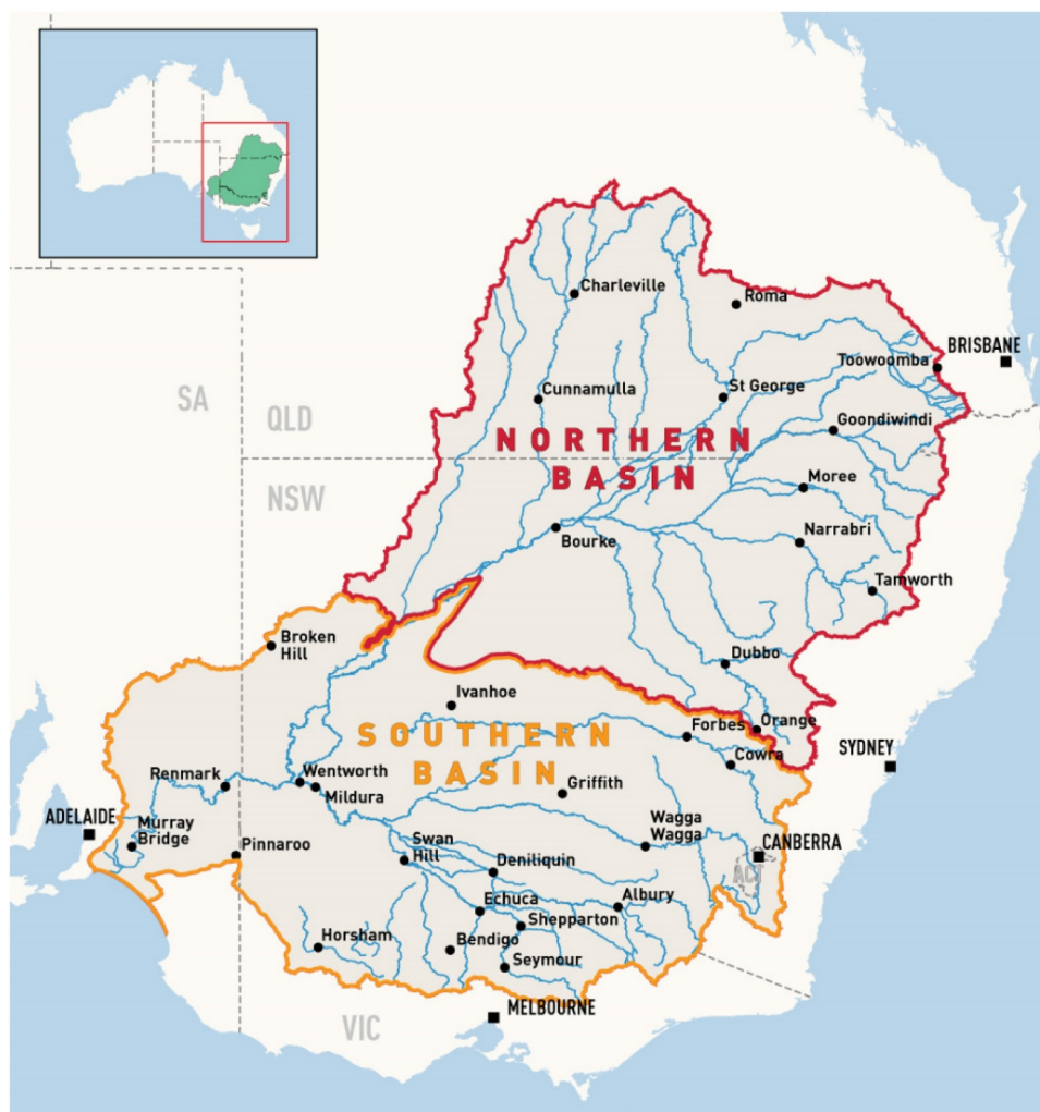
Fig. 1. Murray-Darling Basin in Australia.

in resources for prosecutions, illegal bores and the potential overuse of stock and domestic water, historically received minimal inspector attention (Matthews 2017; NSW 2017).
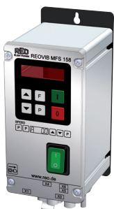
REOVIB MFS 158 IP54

┄┄┄┄┄┄┄┄┄┄┄┄┄┄┄┄┄┄┄┄

[Brief] What is needed is an exact copy of the lines from the one with "in resources for" through the end of the data above, both included, minus any pictures.

[Written response]
in resources for prosecutions, illegal bores and the potential overuse of stock and domestic water, historically received minimal inspector attention (Matthews 2017; NSW 2017).
REOVIB MFS 158 IP54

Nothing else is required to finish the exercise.